Now im working on determination of acrylamide in food by GC (ECD). But i have some problems.
Firstly its calibration curve.
I have 6 standard solutions.
Preparation of these solutions: I addKBr, hydrobromic acid ( to pH 1-3), bromine water in water solution of AA
Then bromination during 1 hour in refrig. After i need neutralize the bromine with 1M sodium thiosulfate.
Then I add sodium sulfate and stir, then extraction the aqueous solution twice with 10 ml of ethyl acetate 10 min each extraction.Add triethylamine. Dry organic phase with Na2SO4. Evap to dryness. Add to it 2 ml of ethylacetate and GC.
Problem: calibration curve is not stable. Why?
And another question: i must use salt (Na2SO4) before extraction with ethylacetate?
Thx a lot!
I took a try at acrylamide a while back GC/MS. Though you may be locked into bromination with the ECD the xanthydrol method looked promising. I was having trouble though with sample cleanup on that method. The standard and internal standard looked beautiful when I tried it on sample I got a lawn of junk and no analytes even when spiked. If I really had a pressing need I'm sure I could make it work.
I've only done that analysis on drinking water and it was 20 years ago. So this is from vague memories.
The salt is added to assist the extraction with ethyl acetate. When you say the standards aren't stable do you mean that they degrade with time? i.e. debrominating?
The salt is to push the analyte into the organic phase more efficiently.
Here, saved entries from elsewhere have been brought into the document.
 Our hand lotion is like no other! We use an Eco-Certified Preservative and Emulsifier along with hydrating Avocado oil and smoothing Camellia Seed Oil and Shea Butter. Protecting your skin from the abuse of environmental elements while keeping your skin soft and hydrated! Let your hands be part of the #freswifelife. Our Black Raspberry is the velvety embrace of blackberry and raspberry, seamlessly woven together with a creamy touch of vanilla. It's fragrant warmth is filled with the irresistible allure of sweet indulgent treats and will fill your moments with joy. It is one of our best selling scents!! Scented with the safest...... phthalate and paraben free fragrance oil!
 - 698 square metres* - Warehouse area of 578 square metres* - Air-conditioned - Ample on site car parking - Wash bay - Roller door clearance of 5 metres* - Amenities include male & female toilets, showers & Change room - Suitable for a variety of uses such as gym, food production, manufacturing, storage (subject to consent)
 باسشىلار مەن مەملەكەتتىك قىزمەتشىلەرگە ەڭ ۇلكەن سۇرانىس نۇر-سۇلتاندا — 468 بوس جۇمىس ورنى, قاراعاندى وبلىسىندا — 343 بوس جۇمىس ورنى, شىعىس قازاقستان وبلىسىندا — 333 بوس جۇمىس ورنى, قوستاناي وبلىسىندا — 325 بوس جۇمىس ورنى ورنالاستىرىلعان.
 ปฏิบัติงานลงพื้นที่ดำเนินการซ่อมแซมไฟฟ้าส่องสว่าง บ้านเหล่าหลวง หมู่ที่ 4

I have never used GC for acrylamide, we use HPLC/UV which works great and requires no sample prep for water samples other than filtering.
The past is there to guide us into the future, not to dwell in.
James_Ball wrote:
The salt is to push the analyte into the organic phase more efficiently.

I have never used GC for acrylamide, we use HPLC/UV which works great and requires no sample prep for water samples other than filtering.
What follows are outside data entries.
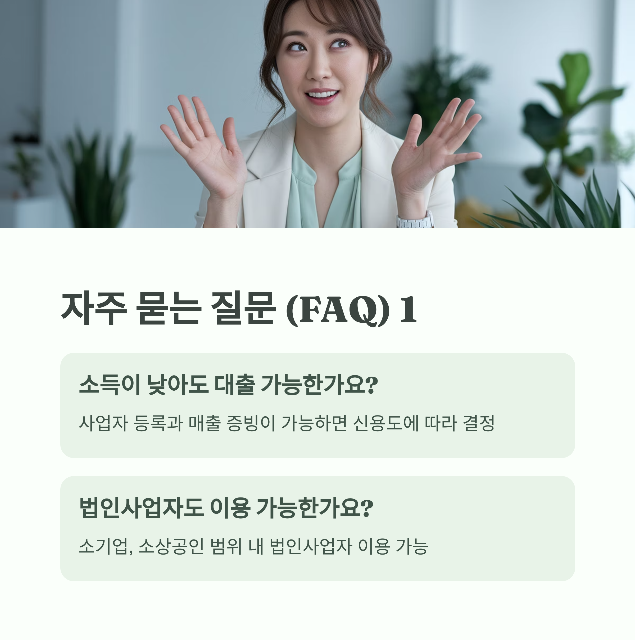A1. 사업자 등록이 되어 있고 매출 증빙이 가능하다면 일부 가능성이 있습니다. 단, 신용도에 따라 결정됩니다.
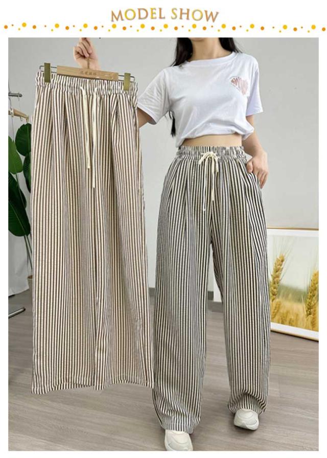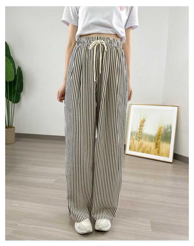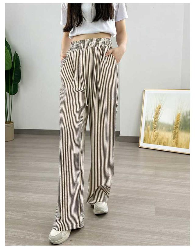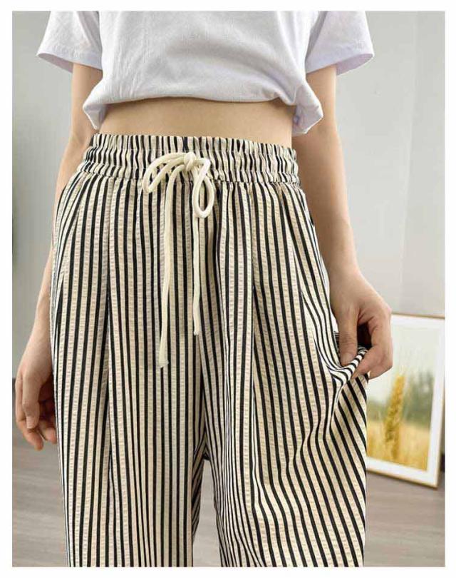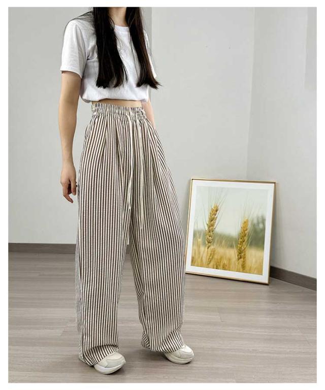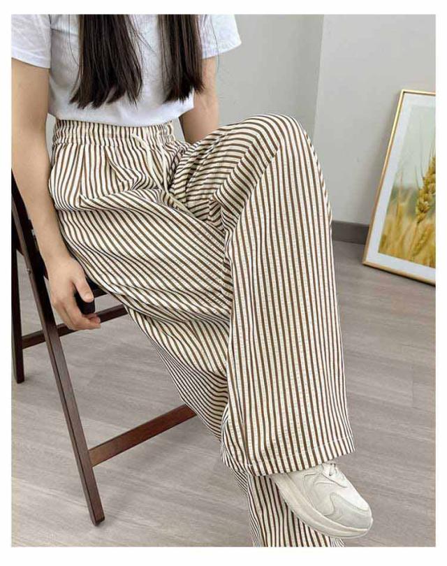 30代 ストレート 夏 ワイドパンツ ハイウエスト カジュアル レディース ストライプ柄 ウエストゴム ひも付き ワイド シンプル おしゃれ ゆったり 涼しい 快適 イージーパンツ 20代 ワイドパンツ 40代 50代
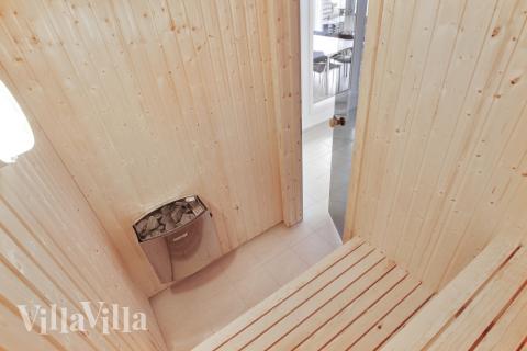 In der imponierenden Badelandschaft des Hauses darf stundenlang geschwommen, gebadet und entspannt werden. Dazu stehen ein 18m2 großer Pool mit Wasserrutsche und Gegenstromanlage, ein herrlicher Whirlpool für bis zu sechs Personen und eine geräumige Sauna zur Verfügung. Egal ob Sie sich also nach Action oder Entspannung sehnen, dieses Badeland hält für jeden Geschmack etwas bereit.

What levels of acrylamide can you reach in water samples? We use LCMS, but the matrix is often food (fries and stuff) at ppb levels. I'd be worried about interferences in food extracts with short wavelength detection.
If you are using methacrylamide as your ITSD I read that can be problematic with the bromination method. I forgot the reason I think it was the reaction was less efficient due to the tertiary position.
Rndirk wrote:
James_Ball wrote:
The salt is to push the analyte into the organic phase more efficiently.

I have never used GC for acrylamide, we use HPLC/UV which works great and requires no sample prep for water samples other than filtering.


What levels of acrylamide can you reach in water samples? We use LCMS, but the matrix is often food (fries and stuff) at ppb levels. I'd be worried about interferences in food extracts with short wavelength detection.


It has been a while since I ran these but we were using EPA 8316, which lists 10ppb as the detection limit. I am sure with a narrow bore column we were getting lower than that. I want to say it was 1ppb in waste water.

In food you would need to calculate the dilution factor from the extraction process.

I think there were some articles using HPLC/UV involving Acrylamide in french fries or potato chips, if you can find that it may give a good extraction method to use.
The past is there to guide us into the future, not to dwell in.
When you say the standards aren't stable do you mean that they degrade with time? i.e. debrominating?
No, it means that area peak is not the same
For example iinlet into column solution of AA with concentration 800 micro g/ml and I expect to get area peak 35000, but sometimes I get only 8000. Why?
Does the area go down and not back up? Or is it unpredictable?
If it is unpredictable, check out your inlet conditions. You may be "too close to the edge" and small differences in injections are causing loss of analyte.
If you reinject the same standard vial do you get a similar result?
Often it goes down. And its unpredictable. I dont inject by myself coz i have autosampler. And i tried reinject by autosampler but it was the same result!
And also i 've noticed that a peak has on its line small peaks. What does it mean i dont know
But i think that there is two reasons
The first reason: acrylamide react with stationary phase on capillary column
The second reason: reagents (ethyl acetate or hexane are not too clean...)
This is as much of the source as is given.